BALE: Entre une toile de Picasso et une sculpture de Niki de Saint Phalle, les organisateurs de la foire de Bâle, en Suisse, ont mis un coup de projecteur sur l'art numérique pour détailler comment les artistes s'emparent des outils technologiques.

En plein débat sur l'intelligence artificielle (IA), les organisateurs de cet événement phare pour le marché de l'art contemporain, qui referme ses portes dimanche soir, ont voulu mettre en lumière ce segment qui cherche encore sa place sur le marché après l'éclatement en 2022 de la bulle des NFT ("Non-fungible tokens", des objets numériques uniques à collectionner, NDLR).

Dans une section à part appelée Zero 10, la foire expose 16 oeuvres qui donnent un aperçu de la palette d'outils à la disposition des artistes, en présentant l'art numérique "dans son acceptation large", précise l'artiste américain Trevor Paglen, 51 ans, co-responsable de cette exposition.

"L'idée que les artistes utilisent les technologies n'est pas si nouvelle", a-t-il déclaré à l'AFP, expliquant que l'art numérique ne se résumait pas aux NFT. Il a voulu montrer que dès les "les années 1950", les artistes cherchaient déjà à produire "des images générées par ordinateur".

L'exposition présente notamment une installation de l'artiste allemande Hito Steyerl, intitulée "Green screen", couverte d'un côté de plantes dont les signaux bioélectriques sont utilisés pour produire, de l'autre côté, des images de fleurs pixelisées.
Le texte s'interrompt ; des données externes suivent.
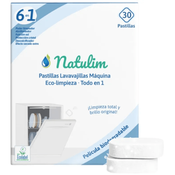 https://www.mifarma.eu/natulim-dishwasher-tablets-for-6-in-1-machines-eco-30-tablets287383415613Natulim Dishwasher Tablets for 6-in-1 Machines ECO 30 Tablets<p><span style="font-weight: bold;">Natulim Dishwashing Liquid 30 Tablets</span></p><p> Ideal for achieving <span style="font-weight: bold;">exceptional cleaning in every wash cycle.</span></p><p> Each tablet combines several essential functions that guarantee superior performance in the dishwasher, simplifying the washing process and taking care of the dishes at the same time.</p><p> With their powerful cleaning effect, these tablets <span style="font-weight: bold;">effectively remove grease and food residue,</span> ensuring that every <span style="font-weight: bold;">plate, glass and utensil is spotless</span> .</p><p> In addition, its formulation includes a <span style="font-weight: bold;">brightener</span> that provides an original shine, eliminating the need to use additional products.</p><p> This not only <span style="font-weight: bold;">optimizes cleaning time</span> , but also <span style="font-weight: bold;">reduces the consumption of chemicals</span> in the home.</p><p> One of the outstanding features of these tablets is <span style="font-weight: bold;">their salt function,</span> which helps <span style="font-weight: bold;">prevent limescale buildup in the dishwasher</span> , prolonging its lifespan.</p><p> This is especially important in areas with hard water, where limescale buildup can be a common problem. Its formula also includes a <span style="font-weight: bold;">descaler</span> that protects the machine's internal components, ensuring long-lasting performance.</p><p> Eco Tablets are designed to <span style="font-weight: bold;">protect delicate utensils and ensure they remain in perfect condition</span> , preventing marks or damage.</p><p> Finally, its <span style="font-weight: bold;">extra drying effect</span> ensures that the dishes come out completely dry, ready to be stored or used without the need for additional drying.</p>https://assets.atida.com/transform/f20a827f-a56d-4ecb-bff2-068420944705/Natulim-Pastillas-Lavavajillas-Maquina-6-en-1-ECO-30-Pastillas?io=transform:extend,width:250,height:2508.95instock8.957.39669321487600Natulimhttps://www.mifarma.eu/media/catalog/product/3/0/8/0/30806f42289d6438b7ca8d16f21356445ab2dbc0_Natulim_Pastillas_Lavavajillas_Maquina_6_en_1_ECO_30_Pastillas.png/Health and Hygiene/Home/Dishwashers/Health and Hygiene/Health and Hygiene/Home2025-12-23T00:51:40+0000

Le Français William Mapan, 38 ans, qui se définit comme "codeur et peintre" y présente lui une série de toiles intitulées "paysages plausibles". Pendant deux ans, cet artiste parisien a développé un algorithme qui génère des milliers de compositions abstraites. Et lorsque l'une de ces images aléatoires en noir et blanc lui rappelle une photo ou un souvenir, il reprend ses pinceaux et la reproduit sur la toile en y ajoutant ses couleurs, a-t-il expliqué à l'AFP.

Segment émergent 

L'artiste ouzbek Aziza Kadyri, 31 ans, présente de son côté des étoffes ornées de fines broderies produites en se jouant des erreurs de l'intelligence artificielle. Pour concevoir les motifs, elle commence par soumettre à une IA des broderies Suzani, la broderie traditionnelle d'Asie centrale, en sachant parfaitement que cette IA va les interpréter de travers, passer à côté de leur signification et finalement lui proposer un dessin complètement à côté de la plaque qu'elle s'amuse ensuite à reproduire sur étoffe en utilisant les techniques traditionnelles de la broderie ouzbèke.
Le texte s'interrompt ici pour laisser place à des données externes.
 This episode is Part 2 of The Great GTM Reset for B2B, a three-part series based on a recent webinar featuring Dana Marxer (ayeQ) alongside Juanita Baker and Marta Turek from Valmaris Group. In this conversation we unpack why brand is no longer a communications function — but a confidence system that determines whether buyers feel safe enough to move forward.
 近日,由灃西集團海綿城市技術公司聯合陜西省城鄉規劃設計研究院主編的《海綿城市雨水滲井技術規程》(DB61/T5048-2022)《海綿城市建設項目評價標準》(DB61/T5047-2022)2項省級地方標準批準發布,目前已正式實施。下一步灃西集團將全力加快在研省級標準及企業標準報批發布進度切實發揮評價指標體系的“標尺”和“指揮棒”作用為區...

Selon un rapport réalisé pour la foire par UBS et le cabinet Arts Economics, l'art numérique ne représentait que 0,4% des ventes sur le marché de l'art en 2025, contre 59% pour la peinture et 15% pour la sculpture. Le rapport note cependant un intérêt grandissant de la part des riches collectionneurs.
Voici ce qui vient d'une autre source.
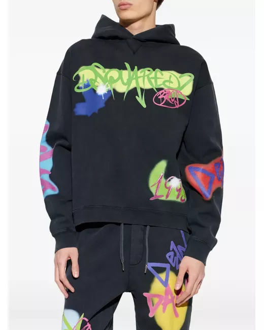 black graffiti print fixed hood long sleeves ribbed cuffs and hem V-insert at the neck

Dès le premier jour de la foire, un triptyque sur écrans LED de l'artiste irlandais John Gerrard, présenté dans cette exposition, s'est vendu pour un demi-million de dollars.

Le souvenir de la bulle des NFT est toutefois encore très frais dans les mémoires. En 2021, un NFT de l'artiste américain Beeple s'était arraché à 69,3 millions de dollars au sommet de la bulle, mais les prix s'étaient effondrés l'année suivante.

Les choses sont différentes quand "la démarche aboutit sur une oeuvre tangible", a indiqué à l'AFP Hans Laenen, expert en art chez Axa XL, pour ces nouvelles formes d'art numérique qui ont "beaucoup plus de chances de rester".

"L'art numérique est un domaines de création qui évolue très vite", et "finira par trouver sa place", estime lui aussi Nicolas Kaddeche, qui exerce chez l'assureur Hiscox, même s'il faut "rester prudent", selon lui.

"Cela reste un segment émergent et encore très spéculatif", prévient-il.